By VERLYN KLINKENBORG
New York Times, Nov 12, 2003
o you know what an exabyte is? I didn't until I started reading a new report, called "How Much Information? 2003," from the University of California at Berkeley's School of Information Management and Systems. An exabyte turns out to be a billion gigabytes. Most new computers, by comparison, come with hard drives around 40 to 100 gigabytes in size.
The authors of the report estimate that in 2002 the human species stored about five exabytes of new information on paper, film, optical or magnetic media, a number that doubled in the past three years. Five exabytes, as it happens, is equivalent to all words ever spoken by humans since the dawn of time.
To gauge how much new information humans now produce in a given year, you have to imagine digitizing and storing all of it, including forms of information that aren't already digital and forms that aren't usually stored, including all e-mail messages, all the Web pages on the entire Internet and all telephone conversations.

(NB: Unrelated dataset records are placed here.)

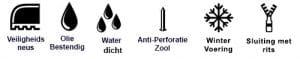 - Veiligheidsstandaard: EN 20345 S3 WR HRO SRC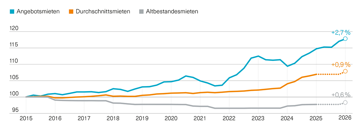 Sowohl bei Wohnimmobilien als auch bei Büro- und Gewerbeflächen mehren sich die Zeichen einer Stabilisierung. 2025 haben sich die Werte erstmals wieder gefestigt. Gleichzeitig bieten grössere Arealentwicklungen Raum für Tausende neue Wohnungen. Damit könnte sich die heutige Angebotsknappheit in der Region langfristig deutlich entspannen. Kurzfristig jedoch ist eher von einem weiteren Anstieg der Mieten auszugehen.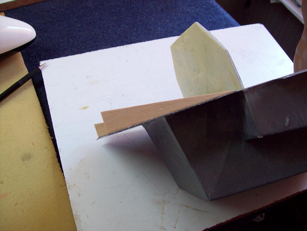 En los laterales de las luces van igual, con dos trozos de balsa he hecho la forma de la costilla de la parte delantera y las he pegado, le he dado la imprimación y después la pintura.

As the authors point out, "The striking finding here is that most of the total volume of new information flows is derived from the volume of voice telephone traffic, most of which is unique content." In 2002, that telephone traffic added up to about 17 exabytes, more than three times all the words ever spoken by humans until that point.
Staring at numbers and comparisons like this, which are more than merely boggling, is enough to make you wonder just what information is. Perhaps it seems obvious to say that information of the kind that can be stored and counted up is created and consumed entirely by humans. So let me say it another way. Our idea of information is meaningless to the rest of creation. The cocoon of data and language that humans live in goes undetected by the rest of earth's organisms. In all those exabytes of chatter there are words, of course, that refer to something beyond the narrow bounds of human experience. But vast quantities of what gets cataloged as information are purely self-referential, talk about the act of talking, so to speak. That is partly what makes us human.
I find myself wondering about other kinds of information. The precise pattern in which the autumn leaves lie in my pasture would not be "information," according to the analysts at Berkeley, unless I took a photograph of it, preferably a digital one. But even without the photograph, the pattern is information, shifting momentarily under a cold, bright wind out of the west. If you were to ask how much information the earth contains, as a whole, one way to answer the question would be to assess the number of bytes present in all the DNA on earth, once it had been digitized. But that is too static an answer for me. It treats each being as a museum specimen, ready to be closed away in a dark drawer somewhere, and it rules out the possibility that movement itself and the interaction of all these beings is also information. If it's somehow plausible to treat all the interrupted cellphone conversations in 2002 as a kind of information, then it should be plausible to think of all the bird songs and insect noises uttered in that calendar year as information, too.
It's worth pointing out that "information," in the Berkeley sense, is a wholly biological enterprise on our part — not that different, in a way, from the webs that spiders build. But after reading the report all I could hear in its pages was the silence of the rest of nature, nature's lack of "information," its inability to yield storable data.
Yet that is not my experience. I spend part of every week wired to the world, with an intravenous connection to the Internet. I read and talk and listen. And yet even in my office I am inundated with what cannot be calibrated. The body language I witness when a politician stops by is information to me, but not "information." The unsettled emotions I experience as I read through my stack of newspapers every day is information, too, but not "information."
And when at last I go home to the country, I step out of the pickup truck and into a world of pure information, all of it entirely, gloriously ephemeral. The moon is low in the southern sky. The ducks, disturbed by my headlights, stir in their pen and make delicate, reassuring noises. The bare tree branches cross and cross again against the stars on the horizon. One of the pigs rolls over in his house, and I can hear the weight of his body as he settles into his hay. These observations are now "information," but what they are to me cannot be measured.